Reproduce nothing but the lines from the start of the material through the line that includes "Tyydyttävä. Hieman kulumaa", both ends included, and omit every picture.

### Data excerpt
- - - -

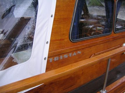 Uusissa Tristaneissa logot kiinnitetään veneen sivuille tiivistemassalla. Puuhytilliseen veneeseen logoja ei oikein voi laittaa tällä tavoin, koska logot täytyy irrottaa ennen lakkausta. Ratkaisimme ongelman poraamalla logoon kolme reikää ja kiinnitimme logot ruuveilla veneen hytin sivuun.
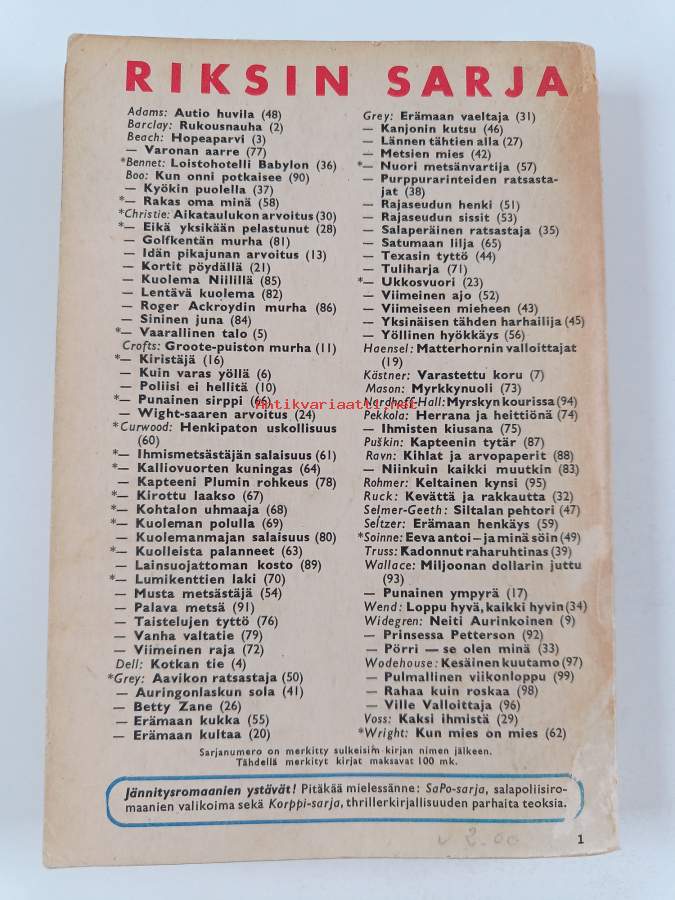 Tyydyttävä. Hieman kulumaa kansissa, selkämyksessä vinoutta, selkämyksessä lukutaittumaa. selkämyksessä repeämää ja teippikorjausta
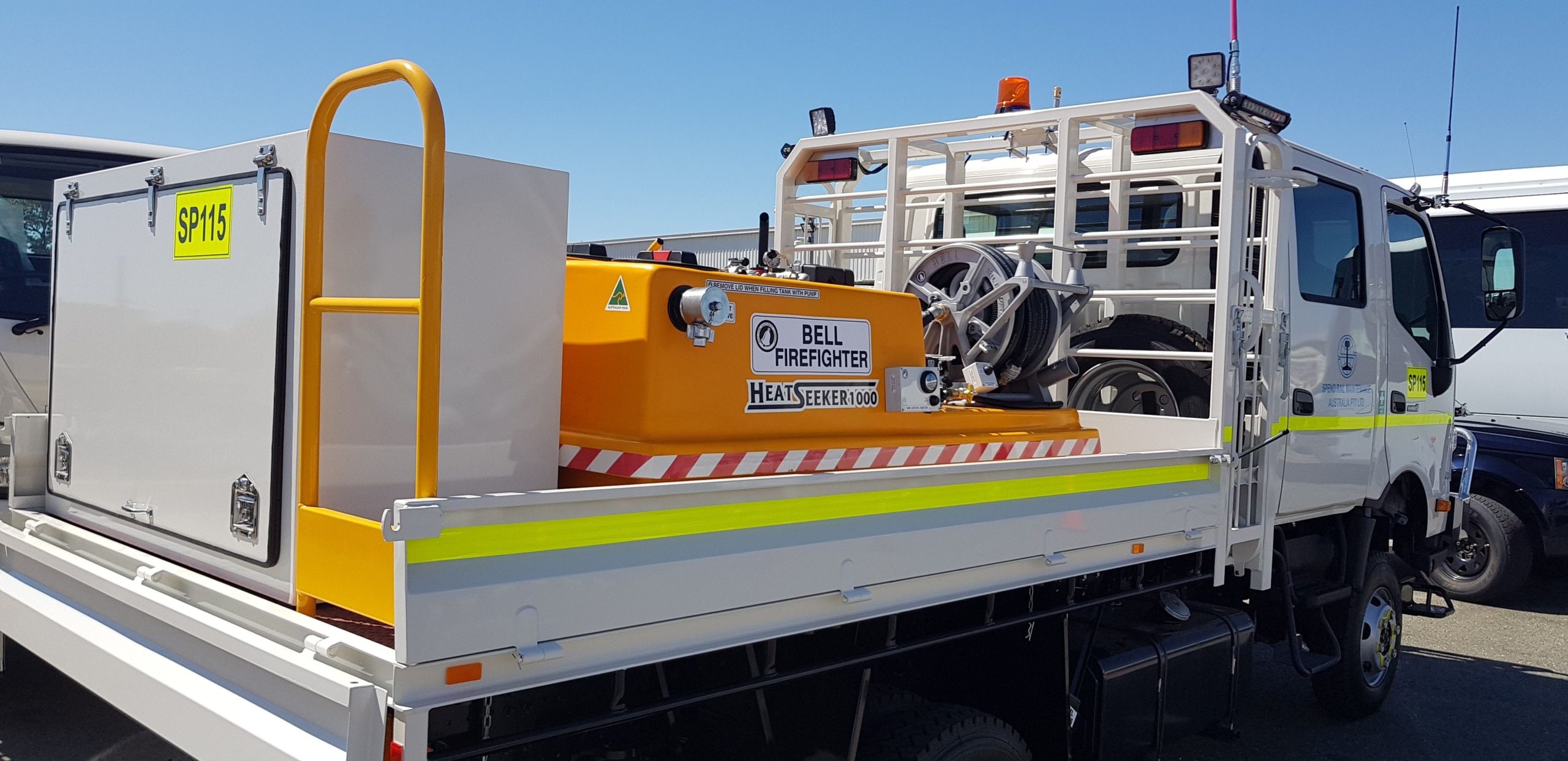 BELL FIREFIGHTER Heavy duty series of portable slip-on style “Firefighters” are manufactured in the traditional way with all operational components, equipment lockers and a BELLGLASS fully baffled fibreglass tank fitted to a heavy-duty galvanised steel base frame.

- - - -

### Result of the exercise
 Uusissa Tristaneissa logot kiinnitetään veneen sivuille tiivistemassalla. Puuhytilliseen veneeseen logoja ei oikein voi laittaa tällä tavoin, koska logot täytyy irrottaa ennen lakkausta. Ratkaisimme ongelman poraamalla logoon kolme reikää ja kiinnitimme logot ruuveilla veneen hytin sivuun.
 Tyydyttävä. Hieman kulumaa kansissa, selkämyksessä vinoutta, selkämyksessä lukutaittumaa. selkämyksessä repeämää ja teippikorjausta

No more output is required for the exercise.